GSA tests, evaluates, and validates the interoperability of PIV, PIV-I, and CAC credentials with the hardware and software used for physical access control to government facilities. GSA manages testing and certification for PACS as well as annual audit testing of production PIV credentials for federal agencies. Vendors that want to have their products approved for procurement by federal agencies should review the documentation and procedures listed here: Physical Access Control System.

If your product completes the process and the FIPS 201 EP Program Manager recommends it for approval, two things happen.

1. You will receive a signed approval document.

2. Your product will be included on the Approved Products List (APL) under the correct category.

After testing and approval, submit your application to have your product or service listed on the GSA’s Multiple Award Schedule (MAS).

ICAM Professional Services

All ICAM-related Special Item Numbers (SINs) require a technical evaluation.

Professional services involve integrating solutions and assisting agencies in deploying and managing identity, credentialing, and access management systems related to ICAM implementations.

• 541519CSP - Credential Service Provider (CSP), Managed service offering for component or full-service Credential Service Providers (CSPs) that meet the requirements of NIST SP 800-63 Digital Identity Guidelines (current version), to include public-facing and enterprise. The provided capabilities template must be thoroughly completed. Below is a list of relevant documents.

  • Homeland Security Presidential Directive 12 (HSPD-12).

  • National Institute of Standards and Technology (NIST) Special Publication (SP) 800-63.

  • NIST Federal Information Processing Standard (FIPS) 201: Personal Identity Verification (PIV) of Federal Employees and Contractors.

• 541519PKI - Public Key Infrastructure (PKI) Shared Service Providers (PKI SSP) Program - PKI SSPs shall provide reliable, authenticated, policy-compliant service offerings to support Federally issued Personal Identity Verification (PIV), Personal Identity Verification Interoperable (PIV-I), and associated certificates and cryptographic key service offerings.

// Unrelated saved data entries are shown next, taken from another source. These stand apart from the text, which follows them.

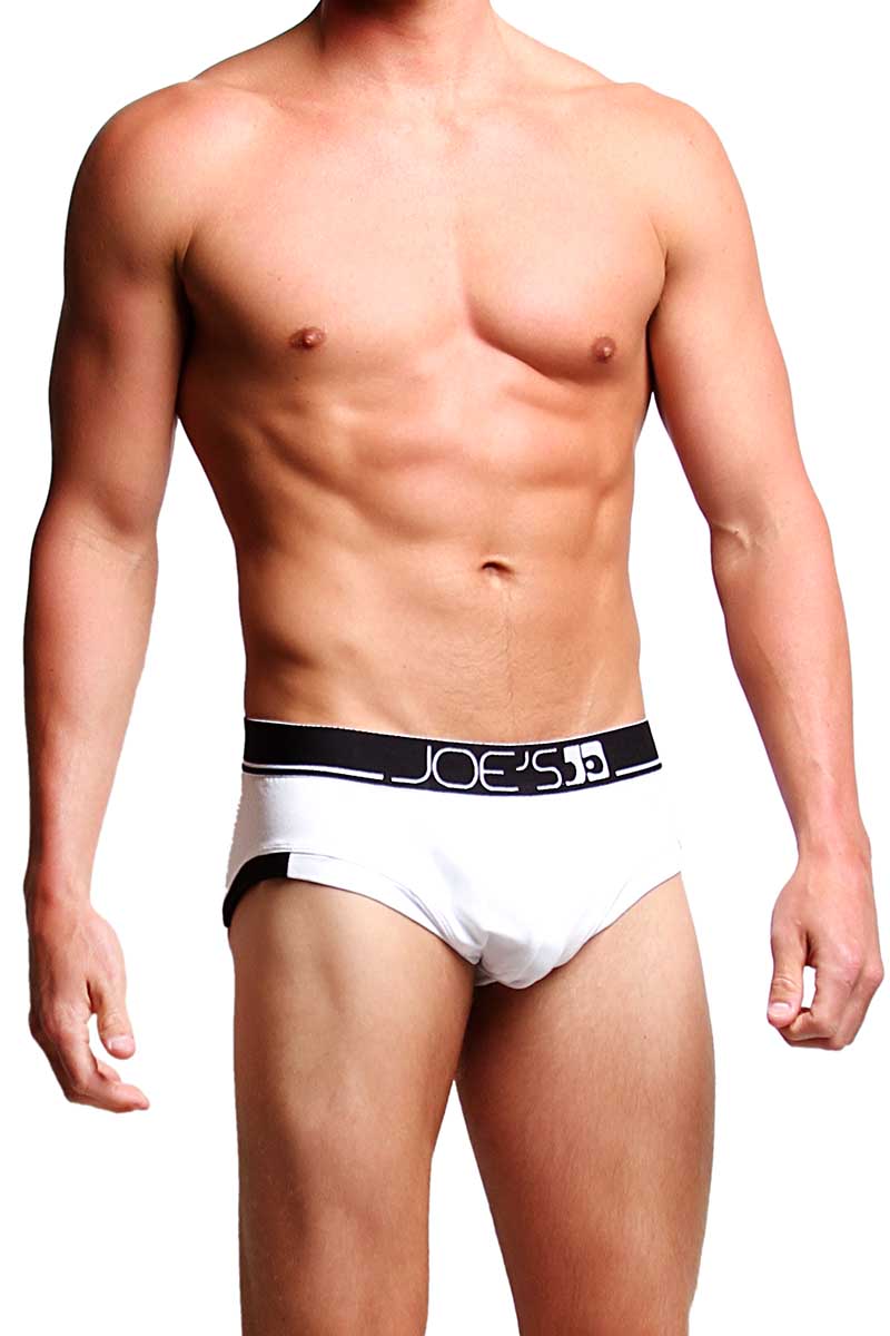 - Details: Mens brief; Low-rise waist; White body; White and black leg trim; 4-way stretch comfort; Tagless, No more annoying tags!
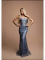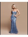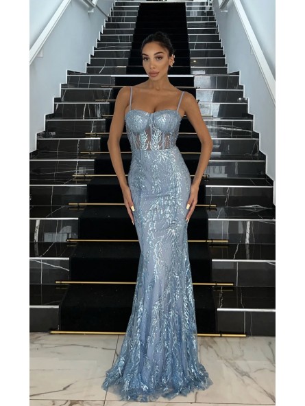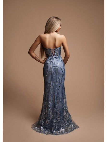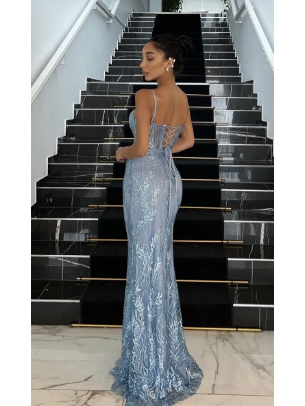 abito sirena super aderente ideale per i primi diciotto anni paillettato con corpetto a cuore  Il disegno realizzato con pailettes e glitter  ricorda i fondali marini costeggiati da rami di corallo, che ne danno particolarità e ricchezza le paillettes, più o meno significative che  potrebbero cadere all'apertura della confezione dell'abito non è da considerare un difetto
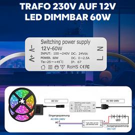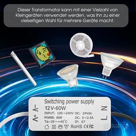 Trasformatore LED 12V 60W 5A, trasformatore 230V a 12V alogeno IP67 impermeabile, trasformatore a bassa tensione AC a DC per interni ed esterni, per faretti LED G4 GU4 GU5.3 Striscia LED, telecamere CCTV
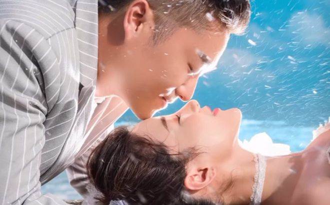 來到海邊之后,新娘平躺在地上,新郎趴在地上,跟新娘頭對頭,新娘閉著眼睛,新郎親吻著她的額頭。遠處的海浪兇猛的沖打著,一望無際。
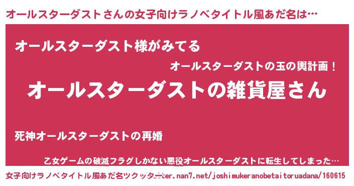 | 男性向けラノベタイトル風あだ名 | 『やはりオールスターダストの青春ラブコメはまちがっている 』 |
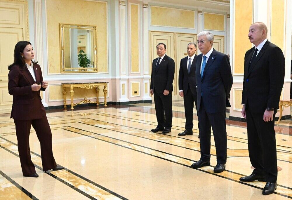 Касым-Жомарту Токаеву и Ильхаму Алиеву презентовали план развития ключевого транспортно-логистического маршрута, так называемого Среднего коридора, соединяющего Китай и страны Центральной Азии с государствами Европы.
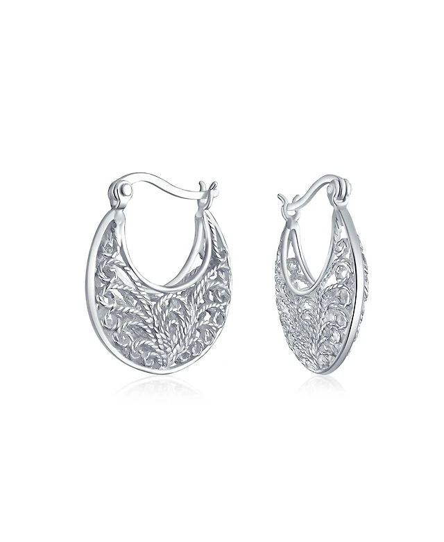 Bling Jewelry Carved Etched Puffed Pear Shaped Rain Drop Teardrop Earrings Fishhook Sterling Silver
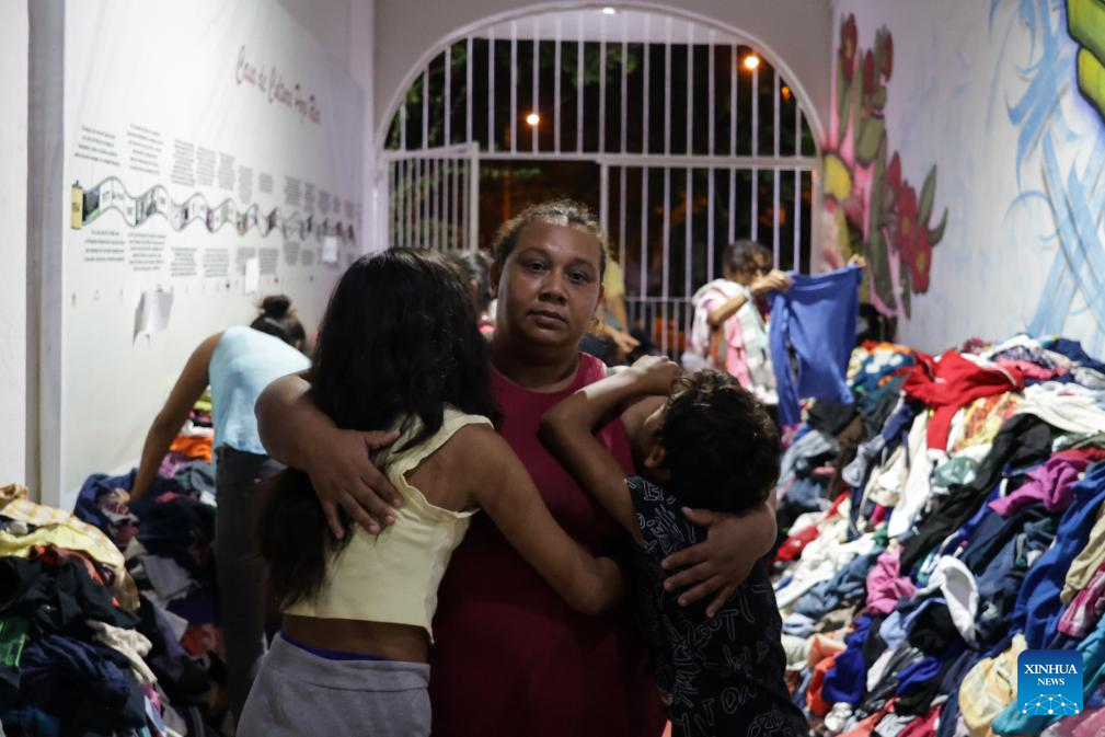 A woman hugs her children at a shelter for flood victims in the city of Poza Rica, Veracruz state, Mexico, Oct. 12, 2025. (Photo by Francisco Canedo/Xinhua)
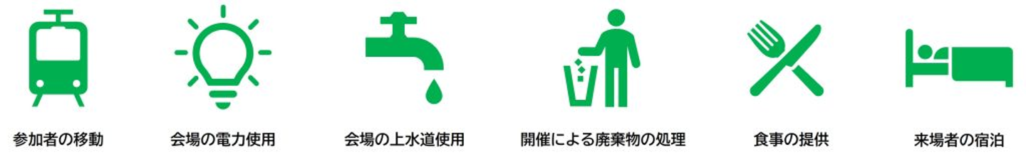 算定範囲については、電力使用量の算定のみに留まらず、環境省が発行する「会議・イベントにおけるカーボン・オフセットの取組のための手引き(Ver.1.0)」に基づき、対象範囲を以下のとおりに設定しました。
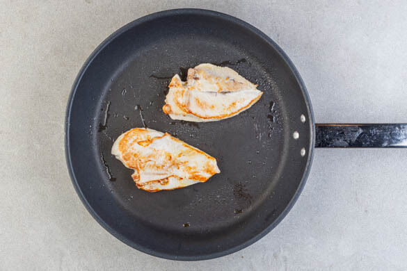 Das Fleisch trocken tupfen und jeweils horizontal in 2 gleichmäßige Filets schneiden. Von beiden Seiten mit je 1 Prise Salz und Pfeffer würzen, dann das Fleisch in der Pfanne mit 1EL Olivenöl bei mittlerer bis starker Hitze auf jeder Seite ca. 2Min. anbraten, bis es gebräunt, aber noch nicht ganz gar ist.
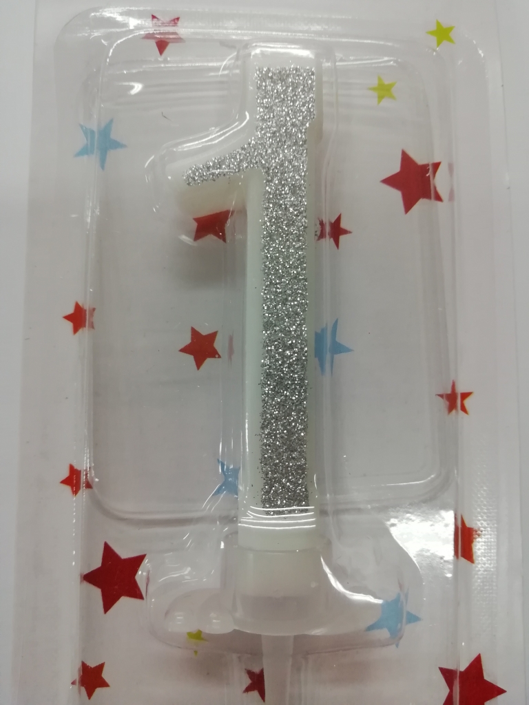 Žvakutė skaičiukas 1 ant torto sidabro spalvos apvadu
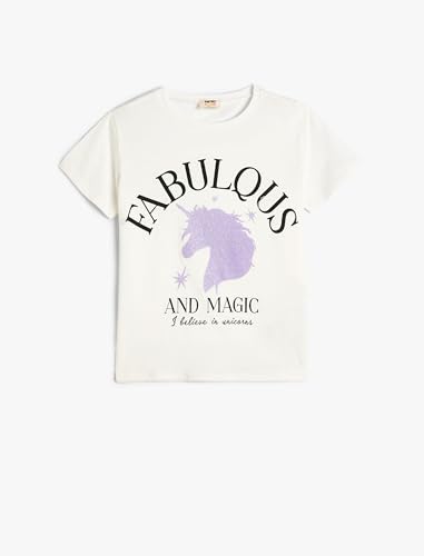 Koton Girls's Crew Neck Short Sleeve Unicorn Tryckt T-shirt, Ecru (010), 6-7 �r
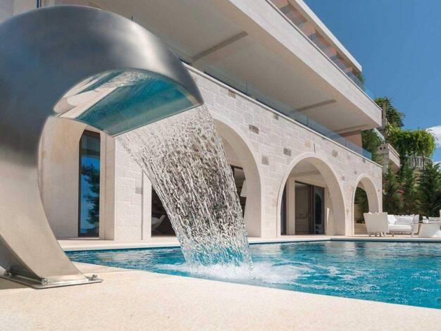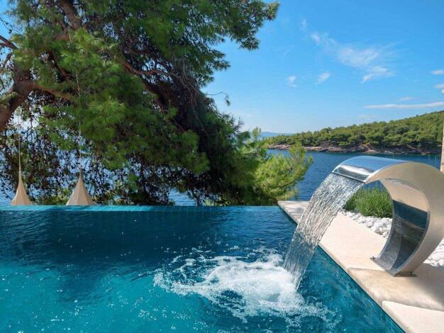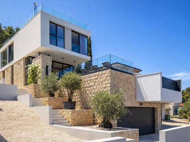 Direkt in erster Meereslinie gelegen und mit unverbaubarem Blick über die Adria präsentiert sich diese exklusive Natursteinvilla als seltene Gelegenheit in einer der begehrtesten Lagen der Insel Brac...
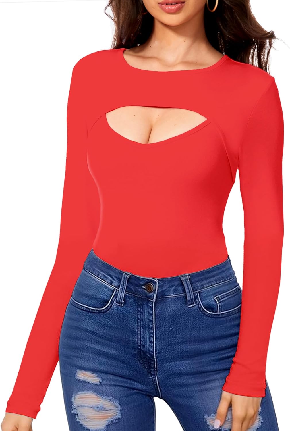 Womens Long Sleeve Tops Cut Out Front Ribbed Fitted Sexy Cute Casual Tops Tee Dressy T-Shirts Tshirt
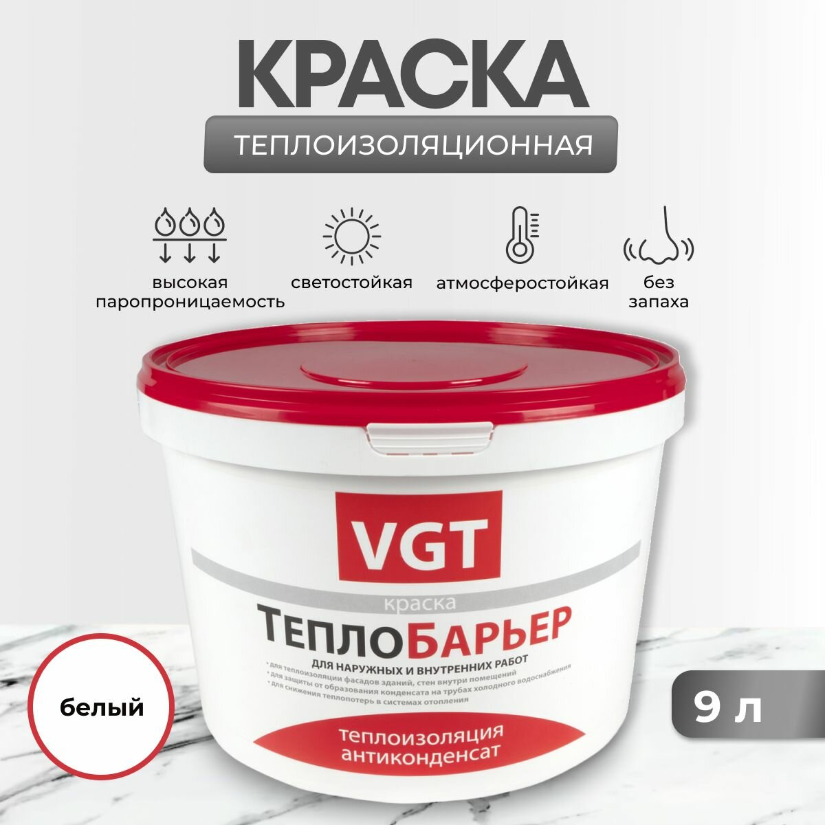 Краска теплоизоляционная VGT Теплобарьер ВД-АК-1180, 9 л интересное:
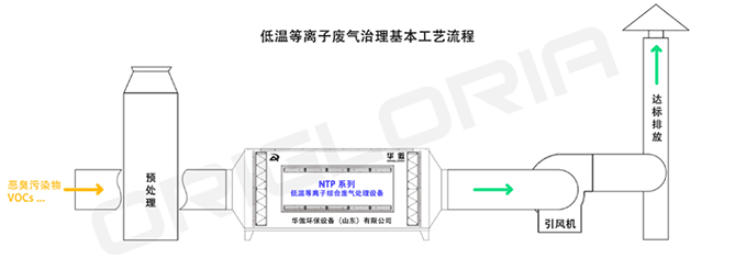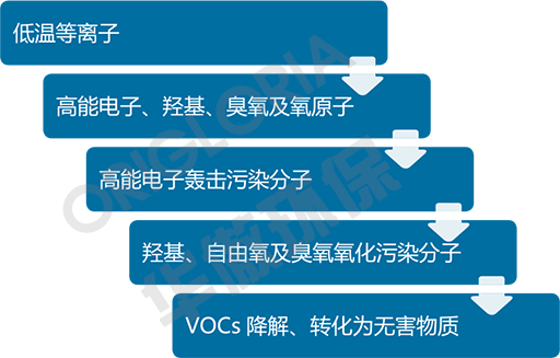 等离子体中含有大量高能电子,与VOCs气体分子或原子发生碰撞,将其能量转化为基态分子或原子的内能,使其发生激发、离解和电离,处于活化状态。同时在氧气及水蒸气的参与下产生大量H+,OH-,O-,O--,O3等活性因子,与被电子撞击后的异味气体分子发生结构重组,生产CO2,H2O等无毒无害物质,达到去除有害、有味气体的目的。

Professional services vendors must document their experience in deploying policy-compliant ICAM projects for government agencies.

• 541519ICAM – ICAM Solutions
• 541519PIV – HSPD-12 Products and Service Components

The Certified System Engineer ICAM PACS (CSEIP) is a certification for PACS integration services. It is a required credential to become an approved consultant.

• CSEIP list of certified individuals
• About the CSEIP certification

GSA certifies consulting services and labor categories through Special Item Numbers (SIN) for ICAM or HSPD-12 professional services. Please contact fpki@gsa.gov if you have questions related to professional services.

Get on a GSA Schedule

The GSA MAS Program, also called the “Schedule,” is the premier contract vehicle for the federal government. The MAS Program is a long-term, government-wide contract between commercial suppliers and the federal government. Being awarded a Schedule contract can open doors for your business, but it requires effort and dedication to succeed. First, determine if the Schedule suits your business.

• Sell through GSA MAS – Agencies use the MAS to fulfill their technology products and services needs.